Whoa. Let me interrupt. Shouldn’t the white-shoe defense lawyer played by James Mason have objected to this obvious plea for sympathy for his poor client? Sure, I understand the dramatic purpose of the speech, but your case isn’t fiction. Object immediately and ask for a curative instruction.
If you’re interested, here’s the rest of Paul Newman’s dramatic closing:
We become tired of hearing people lie. And after a time, we become dead . . . a little dead. We think of ourselves as victims and we become victims. We become weak. We doubt ourselves; we doubt our beliefs. We doubt our institutions. And we doubt the law. But today you are the law. You ARE the law. Not some book . . . not the lawyers . . . not a marble statue . . . or the trappings of the court. See those are just symbols of our desire to be just. They are, in fact, a prayer: a fervent and a frightened prayer. In my religion, they say, “Act as if ye had faith . . . and faith will be given to you.” If . . . if we are to have faith in justice, we need only to believe in ourselves.

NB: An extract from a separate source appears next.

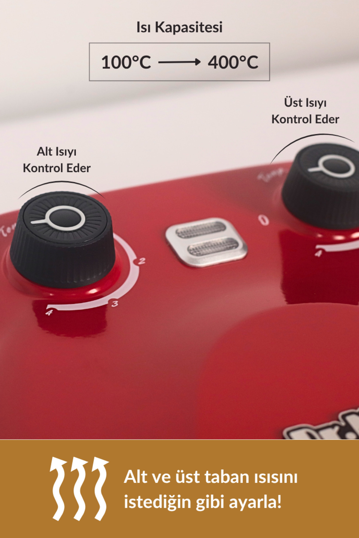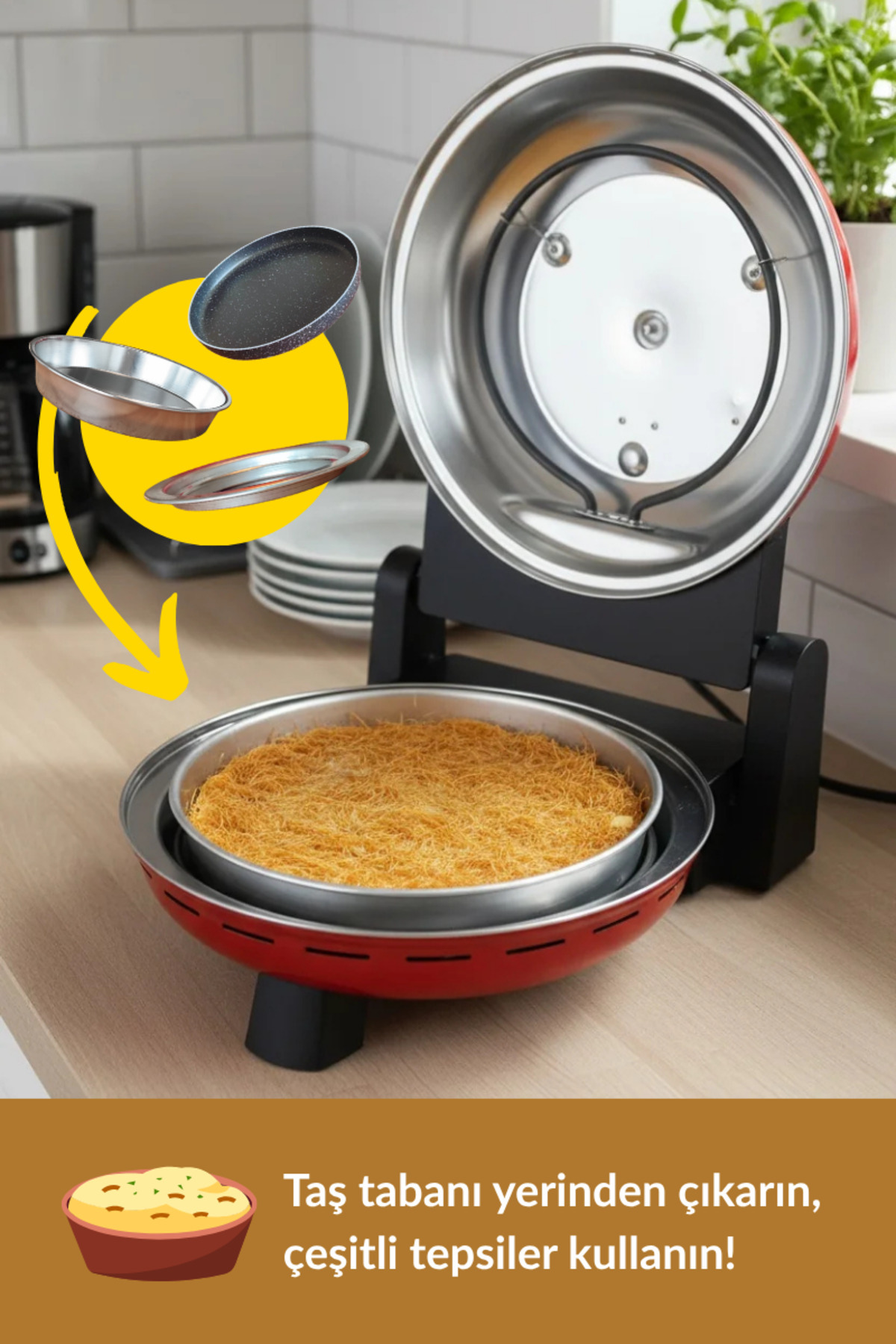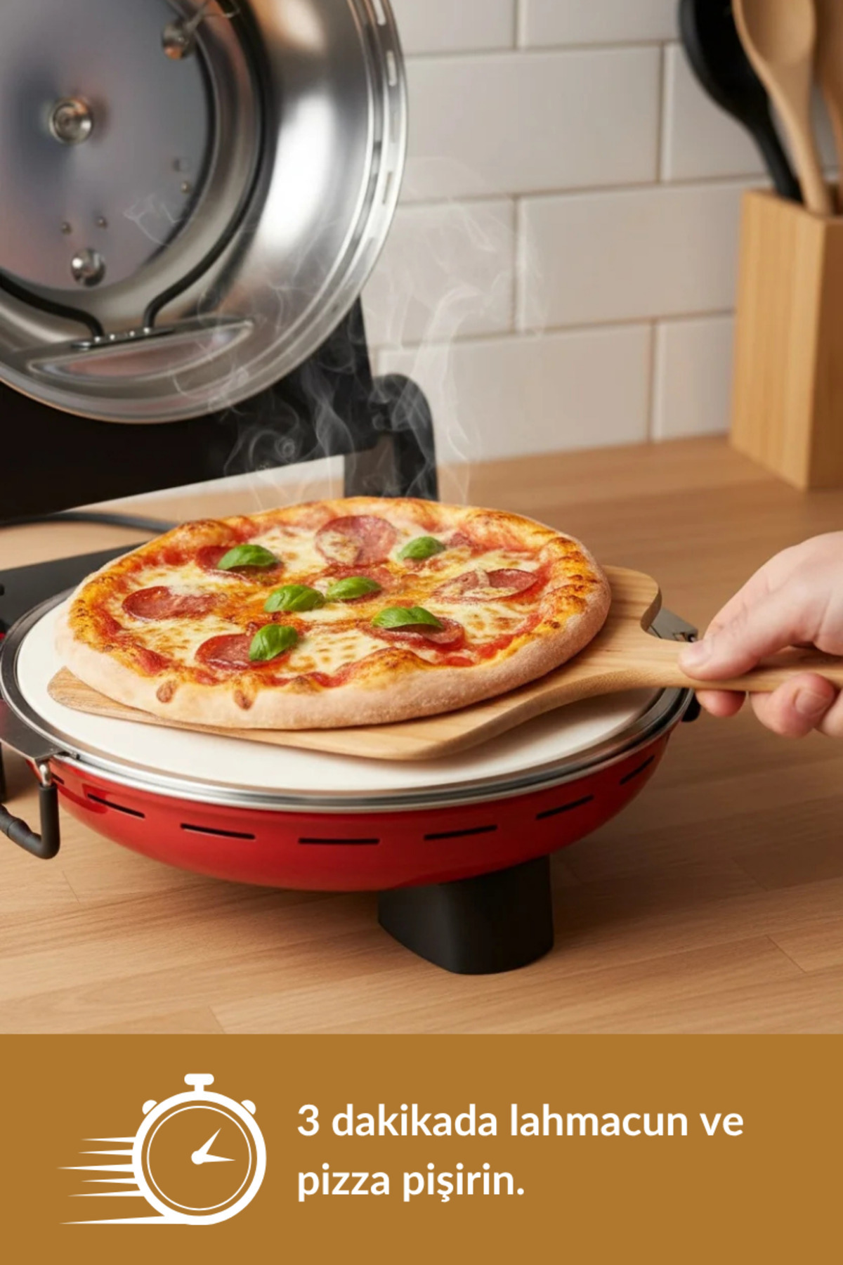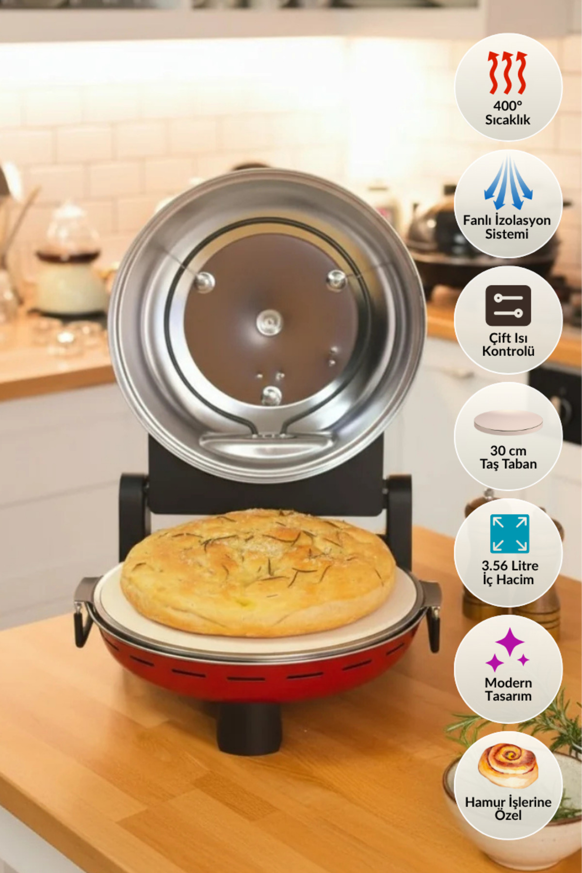 Çok Amaçlı Taş Fırın | Pizza, Lahmacun, Ekmek ve Tandır Yapma Makinesi – 31 cm Doğal Taş Kırmızı

And act with justice. See, I believe there is justice in our hearts.
To the extent that Newman appears to be asking the jurors to ignore the court’s instructions and instead become “the law,” his argument was improper, but there was no objection to be heard. And, of course, the jury came back with a question every plaintiff’s lawyer would love to hear. Could they award Newman’s client even more money than he requested?
In summary, be ever vigilant to improper remarks in closing argument—not only to preserve the record for appeal but also to prevent the danger that the jury will rely on them.
10. This is basic: Timely file your notice of appeal. Watch your calendar! Failure to file your notice of appeal on time usually constitutes malpractice in a civil case or ineffective assistance of counsel in a criminal case. And, most important, it will prevent your client from asking an appellate court to review the judgment.
You, the trial lawyer, have a stressful and challenging job. I am loath to make it harder by heightening your sensitivity to preserving error along the way. But as the proverb goes, the greatest regret is for the things we have not done. Even in the heat of battle, try to preserve the record on appeal.